BelaPAN news agency and Belsat TV were declared “extremist” organizations in November, as was Radio Free Europe/Radio Liberty in December. By the end of 2021, 170 Telegram channels and 13 media outlets were also deemed “extremist,” 146 searches were conducted in the offices and homes of journalists, and 32 journalists were detained. In October GUBOPIK warned that subscription to such channel entails criminal responsibility for participation in “extremist formation.
By May 2021, some 37,000 people had been arrested and detained in Belarus in connection with the elections, including some 13,500 between August 9 and 14, 2020. These arrests and detentions, accompanied by unlawful use of force that caused serious bodily injury and harm to health, and accompanied by torture and ill-treatment, including rape, were massive in nature and were intended to pressure the population, suppress dissent and public expressions of opposition to the incumbent president.
On July 14, 2021, 50 searches were conducted in the offices and homes of human rights defenders and 20 people were detained. By October 2021, some 270 non-governmental organizations, including the Belarusian Helsinki Committee, the oldest human rights organization in Belarus, were shut down. This appears to be the result of a concerted effort to eliminate any credible independent human rights activity to combat violations and impunity in Belarus.
By the end of 2021, 969 people (858 men and 111 women) were in prison on politically motivated charges. Of those convicted, several received prison sentences of 10 years or more: for example, Maria Kolesnikova was sentenced to 11 years, while opposition leaders Sergei Tikhanovsky, Nikolai Statkevich and Igor Losik were sentenced to 18, 14 and 15 years, respectively.

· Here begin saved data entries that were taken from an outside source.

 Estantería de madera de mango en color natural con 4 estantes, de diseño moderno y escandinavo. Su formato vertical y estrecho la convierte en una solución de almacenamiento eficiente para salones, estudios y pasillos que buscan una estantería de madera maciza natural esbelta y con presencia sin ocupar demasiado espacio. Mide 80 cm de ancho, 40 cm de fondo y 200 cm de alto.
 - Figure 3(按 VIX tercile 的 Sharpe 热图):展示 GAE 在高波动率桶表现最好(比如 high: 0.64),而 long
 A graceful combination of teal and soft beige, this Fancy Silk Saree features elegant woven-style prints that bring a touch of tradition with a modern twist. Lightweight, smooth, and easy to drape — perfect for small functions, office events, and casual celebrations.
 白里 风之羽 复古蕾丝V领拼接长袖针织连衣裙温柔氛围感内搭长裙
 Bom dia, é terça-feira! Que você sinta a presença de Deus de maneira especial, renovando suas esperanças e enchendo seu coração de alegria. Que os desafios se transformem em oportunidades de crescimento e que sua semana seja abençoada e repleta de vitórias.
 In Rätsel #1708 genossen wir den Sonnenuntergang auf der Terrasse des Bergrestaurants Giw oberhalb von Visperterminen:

After the election, at least 100,000 people sought safety abroad, mostly in other European countries. In many cases, those interviewed expressed fears that their family members who remained at home were being harassed or intimidated by the authorities.

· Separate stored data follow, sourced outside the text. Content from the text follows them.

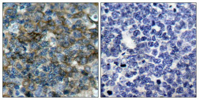 Immunohistochemical analysis of paraffin-embedded human tonsil carcinoma tissue using VASP(Phospho-Ser157) Antibody(left) or the same antibody preincubated with blocking peptide(right).
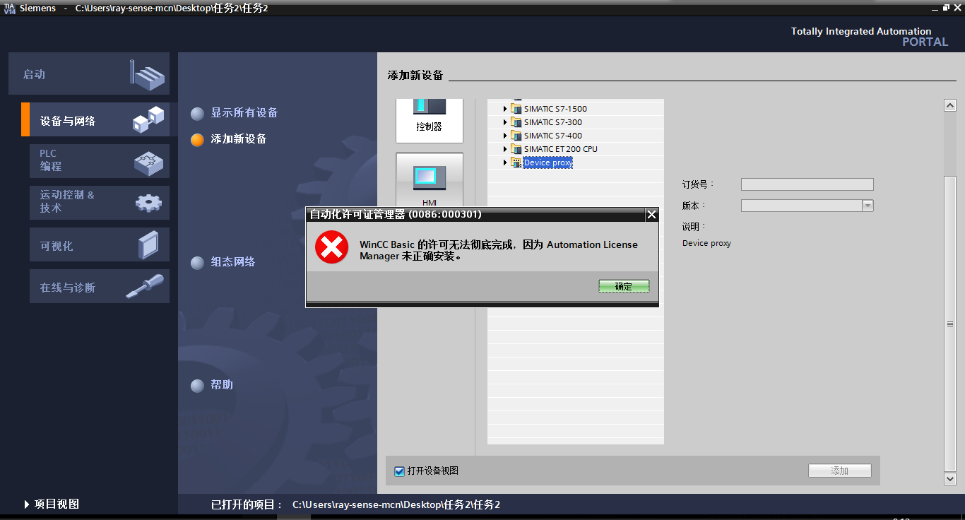 STEP7 PORTAL V14安裝完并授權(quán)完,在組態(tài)設(shè)備的時候提示automation license manager未正確安裝是怎么回事!跪求各位大神,這該怎么解決,在線等,急!
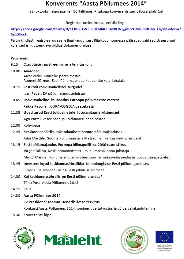 Eesti Põllumajandus-Kaubanduskoda korraldab konverentsi “Aasta Põllumees 2014”
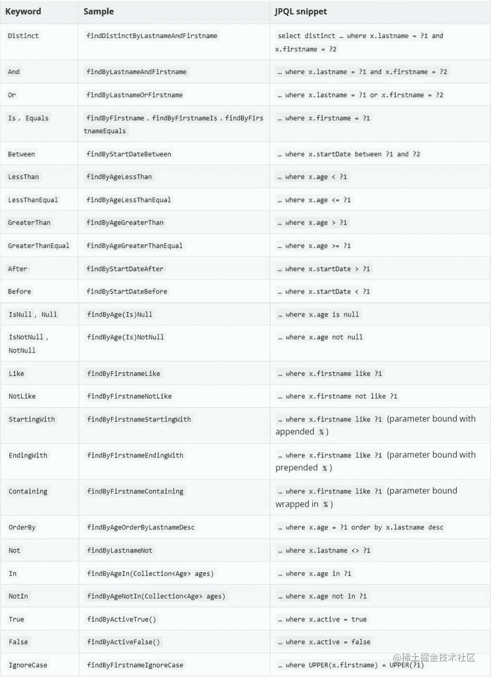 - 這類根據(jù)方法名稱自動(dòng)實(shí)現(xiàn)查詢邏輯的衍生查詢有什么規(guī)則呢,具體可以參考下表。
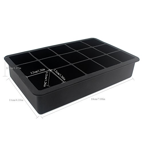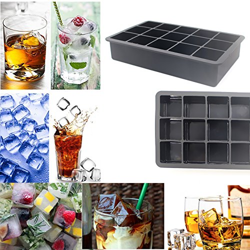 - 15 SQUARE ICE CUBES MOLD: Our square ice tray creates 15 ice cubes at 1.26in length each. Put them into cocktails, whiskeys, coffee, lemonade; use them to make popsicles; freeze fruit, food, dumplings, and so on.
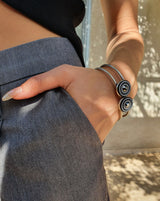 זמק מצופה כסף מחומצן, חימר פולימרי וגבישי סברובסקי.

On September 24, 2021, the High Commissioner noted that the government’s response to the disputed elections in Belarus was primarily aimed at suppressing criticism and dissent against government policy, not at protecting public order. This conclusion was confirmed by the expert examination, which also pointed to an active policy of preventing truth, justice and accountability for violations committed.
Given the scale and nature of the violations identified in the report, their widespread and systematic nature, and the evidence of official policy, awareness and guidance regarding their collective execution by multiple government agencies, particularly with respect to mass arbitrary detentions, there is sufficient evidence to warrant further evaluation of the available evidence in terms of applicable international criminal law.
The Human Rights Council stressed the need for accountability for human rights violations in Belarus and requested the High Commissioner to promote accountability for perpetrators and justice for victims.
Criminal investigations into human rights violations and potential international crimes committed in Belarus have been opened in at least four competent jurisdictions outside of Belarus. In this regard, it is crucial to continue efforts to collect, document and preserve evidence of violations in order to facilitate future accountability processes.